Однако в этом утверждении, вероятно, смешиваются два различных типа вопросов, которые способны заинтересовать нас в контексте разговора об отражении намерений писателя в его творчестве. Здесь уместно вновь прибегнуть к лексике современных философов языка, чтобы пояснить эту мысль. С одной стороны, мы можем задаться вопросом о перлокутивных намерениях, содержащихся в том или ином тексте158. Иными словами, мы можем захотеть узнать, было ли у автора при написании произведения желание сформировать какое-то определенное его восприятие, вызвать конкретную реакцию – например, «заставить нас грустить»159, навязать нам какие-то убеждения и т. д. Но, с другой стороны, повторюсь, предметом нашего интереса могут стать иллокутивные намерения писателя как способы характеристики его произведения. Тогда вопрос будет состоять не столько в том, добился ли автор желаемого эффекта и желал ли он того эффекта, какого добился, но скорее в том, на какой эффект он вообще мог рассчитывать в процессе написания своего текста.
Это подводит нас к ключевому спору, касающемуся связи между намерениями писателя и смыслом его произведений. С одной стороны, я соглашусь, что перлокутивные намерения автора (чего он намеревался достичь посредством того или иного текста) не стоит в дальнейшем принимать в расчет. Их, по всей видимости, нет необходимости изучать отдельно, поскольку вопрос, было ли данное произведение создано с намерением, скажем, вызвать у читателя грусть, едва ли можно решить (если вообще можно), исходя единственно из самого текста и возможных заложенных в нем намеков на его предполагаемое восприятие. А вопрос, имеет ли смысл приписывать подобные намерения конкретному писателю в конкретной ситуации, связан не столько со смыслом его произведений, сколько с тем, насколько удачно или неудачно построен текст в плане достижения намеченных эффектов. С другой стороны, что касается иллокутивных намерений автора (чего он намеревался достичь, когда писал определенным образом), их восстановление, полагаю, заслуживает особого исследования, которое на самом деле будет необходимо, если цель состоит в том, чтобы понять «смысл» произведений этого автора.
Однако теперь, чтобы выявить главное противоречие, необходимо вернуться к трем значениям слова «смысл», которые я выделил в самом начале. Так мы сможем установить, когда обозначенное мной понимание намерения соотносится с содержанием понятия «смысл» в отношении творчества писателя.

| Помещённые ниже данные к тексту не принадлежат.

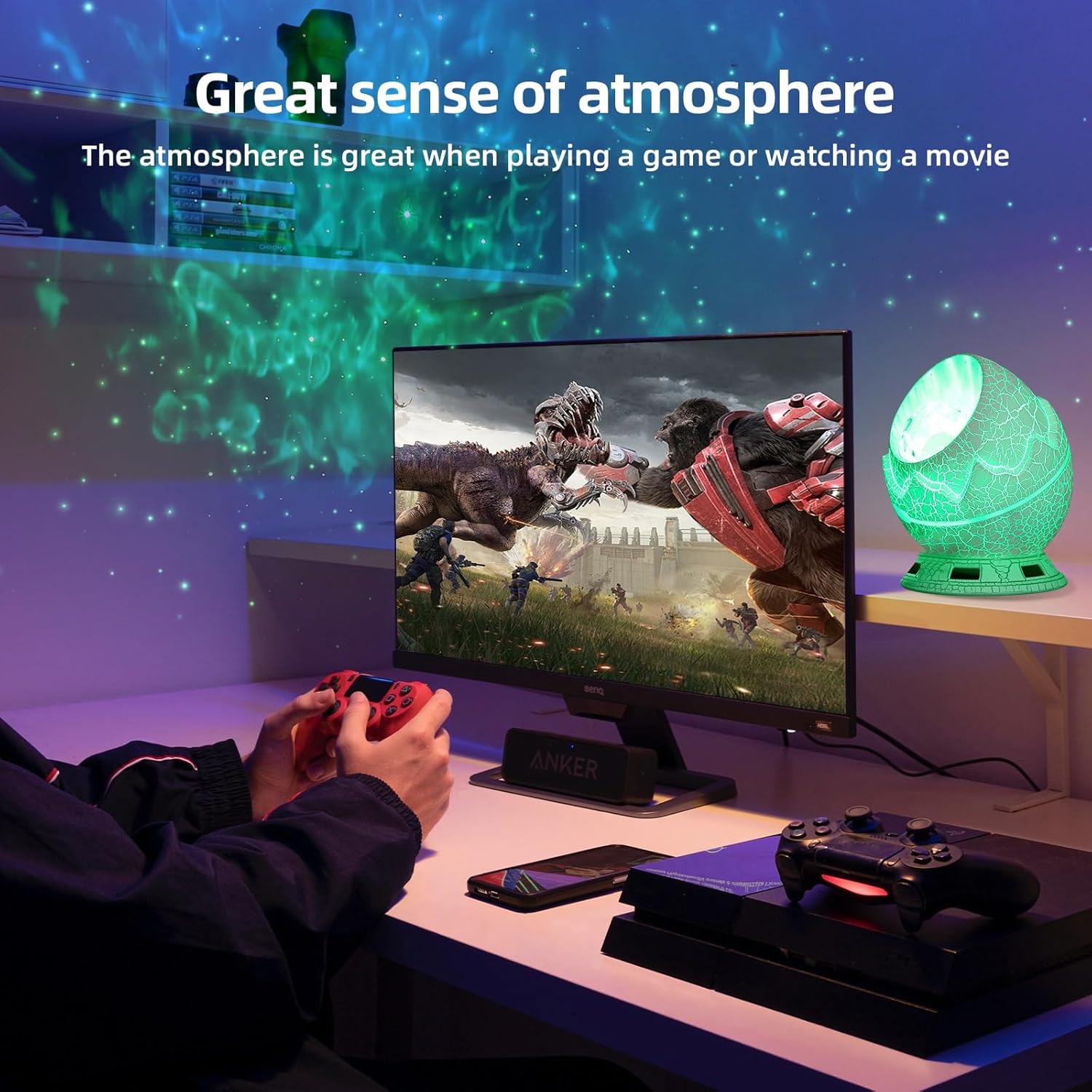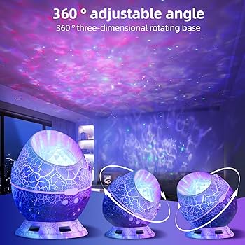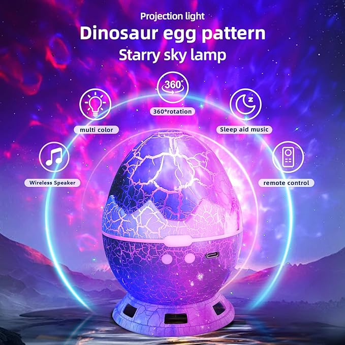 اثر نورپردازی سحابی این پروژکتور نور ستاره علاوه بر اینکه یک لامپ دکور تخم دایناسور است، می‌تواند ستارگان و افکت‌های نور کهکشان را نیز نمایش دهد. نور رنگی متشکل از قرمز، سفید، آبی و سبز است و می‌توان آن را با هم ترکیب کرد تا 14 افکت نوری مختلف را ایجاد کرد. می توانید سرعت و روشنایی افکت نور را با کنترل از راه دور موجود تنظیم کنید. نور و تایمر شب شما می توانید آزادانه زاویه را تنظیم کنید، می توانید به راحتی چرخش افقی 360 درجه و زاویه تابش عمودی 90 درجه را تنظیم کنید و زاویه مورد نظر خود را انتخاب کنید و نور شب پروژکتور را در جهات مختلف انتخاب کنید. می توانید یک تایمر تنظیم کنید تا پروژکتور بعد از 1 یا 2 ساعت خاموش شود. اگر فراموش کردید تایمر را تنظیم کنید و به خواب رفتید نگران نباشید زیرا پروژکتور پس از 4 ساعت به طور خودکار خاموش می شود. 19 نویز سفید این پروژکتور نور شب پر ستاره دارای حداکثر 19 صدای نویز سفید برای انتخاب است. با سفارشی کردن روشنایی نور شب و انتخاب صدای سفید مناسب برای آرام کردن خواب کودک، کودک نوپا، بچه بزرگ یا نوجوان خود، خواب بهتری را در شب تشویق کنید. کنترل صوتی  و  جلوه پروژکتور نور کهکشانی مطابق با ریتم موسیقی حرکت می کند. شما همچنین می توانید نورها را با صدای خود یا با کف زدن یا با صدا کنترل کنید.

Если мы возьмем смысл1, следует признать, что понимание, какими намерениями руководствовался писатель в процессе работы, едва ли играет какую-то роль для этого значения «смысла» написанного. Говоря так, я не пытаюсь дать ответ на бесконечно сложный вопрос, можно ли свести наши утверждения о («вневременном») смысле слов и предложений к утверждениям о чьих-либо намерениях160. Я просто лишний раз напоминаю банальную мысль, что вопросы о смысле слов и предложений, которые я использую, нельзя приравнять к вопросам о намерениях, с которыми я это делаю. Если мы обратимся к смыслу2, нам вновь придется признать, что намерения, стоящие за творческим процессом писателя, едва ли имеют значение для такого понимания «смысла» написанного. Понятно, что вопрос о смысле данного художественного произведения для конкретного читателя можно решить сам по себе, никак не касаясь намерений его создателя. Но если речь идет о смысле3, представляется возможным проследить самую тесную связь между намерениями писателя и смыслом написанного. Ведь понимание руководивших автором намерений в том плане, который я попытался обозначить, не просто соотносится с пониманием смысла3 написанного, а равнозначно ему. Цепочка аргументов, приводящих к такому выводу, теперь будет ясна. «Уловить» эти намерения значит понять природу и характер иллокутивных актов, которые автор, вероятно, осуществлял, когда писал именно так, а не иначе. В таком случае мы, как я уже сказал, можем дать характеристику предполагаемым действиям писателя: намеревался ли он, например, оспорить или поддержать определенную точку зрения, выступить с критикой той или иной риторической традиции или дополнить ее и т. д. Но способность дать произведению такую характеристику – оценить заложенную в нем иллокутивную силу – равноценна пониманию того, какой смысл автор мог вкладывать в свой текст. То есть мы можем сказать, что он, должно быть, задумывал свое произведение как высказывание в защиту или против какой-то позиции или точки зрения, как ее критику или вклад в нее и т. д. Таким образом, мы видим равнозначность намерений при написании текста и смысла3 написанного. Ведь, как я уже отметил, знать, какой смысл писатель вложил в свое произведение161, значит знать, с какими намерениями он изначально его создавал.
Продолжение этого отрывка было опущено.